The task = From the line holding "活动才刚开始,摊位周围便站满" through the line holding "A: Rx lateral" below, write out every line exactly; include both of those lines and drop the pictures.

------ Data provided ------

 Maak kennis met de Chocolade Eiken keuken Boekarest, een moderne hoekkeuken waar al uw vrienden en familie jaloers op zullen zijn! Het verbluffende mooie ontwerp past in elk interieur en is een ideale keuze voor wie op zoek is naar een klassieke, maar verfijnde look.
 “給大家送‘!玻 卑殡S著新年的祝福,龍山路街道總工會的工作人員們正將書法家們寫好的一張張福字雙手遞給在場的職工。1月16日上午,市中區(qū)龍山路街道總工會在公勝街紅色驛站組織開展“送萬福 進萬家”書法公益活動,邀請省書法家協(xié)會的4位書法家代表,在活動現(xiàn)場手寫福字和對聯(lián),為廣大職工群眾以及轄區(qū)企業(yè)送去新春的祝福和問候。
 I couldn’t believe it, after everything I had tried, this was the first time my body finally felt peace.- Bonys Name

------
------ Data provided ------

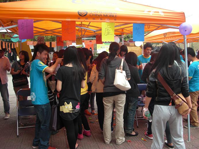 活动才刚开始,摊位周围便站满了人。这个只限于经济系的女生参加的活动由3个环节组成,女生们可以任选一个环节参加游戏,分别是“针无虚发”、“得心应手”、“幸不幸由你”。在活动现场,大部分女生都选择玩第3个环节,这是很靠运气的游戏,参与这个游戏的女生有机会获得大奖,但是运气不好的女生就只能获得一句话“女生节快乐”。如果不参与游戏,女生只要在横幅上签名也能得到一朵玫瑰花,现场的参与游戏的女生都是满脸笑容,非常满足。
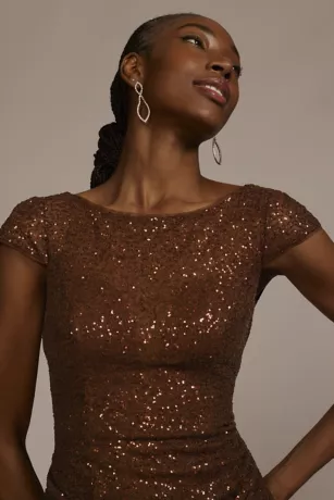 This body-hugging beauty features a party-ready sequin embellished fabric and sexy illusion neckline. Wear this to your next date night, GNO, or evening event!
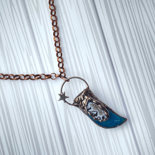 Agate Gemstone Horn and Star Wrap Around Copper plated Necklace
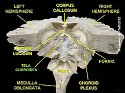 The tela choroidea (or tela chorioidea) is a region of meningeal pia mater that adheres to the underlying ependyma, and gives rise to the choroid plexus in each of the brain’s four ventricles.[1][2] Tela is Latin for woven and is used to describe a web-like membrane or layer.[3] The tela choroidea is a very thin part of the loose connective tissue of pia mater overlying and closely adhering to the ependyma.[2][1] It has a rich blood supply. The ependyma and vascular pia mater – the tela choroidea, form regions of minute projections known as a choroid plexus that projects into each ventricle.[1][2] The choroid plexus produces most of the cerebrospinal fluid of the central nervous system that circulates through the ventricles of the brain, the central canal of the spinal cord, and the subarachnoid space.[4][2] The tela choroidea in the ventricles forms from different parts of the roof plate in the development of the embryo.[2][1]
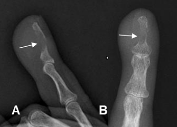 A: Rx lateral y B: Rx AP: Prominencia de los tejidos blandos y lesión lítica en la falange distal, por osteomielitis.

------

Answer section =
 活动才刚开始,摊位周围便站满了人。这个只限于经济系的女生参加的活动由3个环节组成,女生们可以任选一个环节参加游戏,分别是“针无虚发”、“得心应手”、“幸不幸由你”。在活动现场,大部分女生都选择玩第3个环节,这是很靠运气的游戏,参与这个游戏的女生有机会获得大奖,但是运气不好的女生就只能获得一句话“女生节快乐”。如果不参与游戏,女生只要在横幅上签名也能得到一朵玫瑰花,现场的参与游戏的女生都是满脸笑容,非常满足。
 This body-hugging beauty features a party-ready sequin embellished fabric and sexy illusion neckline. Wear this to your next date night, GNO, or evening event!
 Agate Gemstone Horn and Star Wrap Around Copper plated Necklace
 The tela choroidea (or tela chorioidea) is a region of meningeal pia mater that adheres to the underlying ependyma, and gives rise to the choroid plexus in each of the brain’s four ventricles.[1][2] Tela is Latin for woven and is used to describe a web-like membrane or layer.[3] The tela choroidea is a very thin part of the loose connective tissue of pia mater overlying and closely adhering to the ependyma.[2][1] It has a rich blood supply. The ependyma and vascular pia mater – the tela choroidea, form regions of minute projections known as a choroid plexus that projects into each ventricle.[1][2] The choroid plexus produces most of the cerebrospinal fluid of the central nervous system that circulates through the ventricles of the brain, the central canal of the spinal cord, and the subarachnoid space.[4][2] The tela choroidea in the ventricles forms from different parts of the roof plate in the development of the embryo.[2][1]
 A: Rx lateral y B: Rx AP: Prominencia de los tejidos blandos y lesión lítica en la falange distal, por osteomielitis.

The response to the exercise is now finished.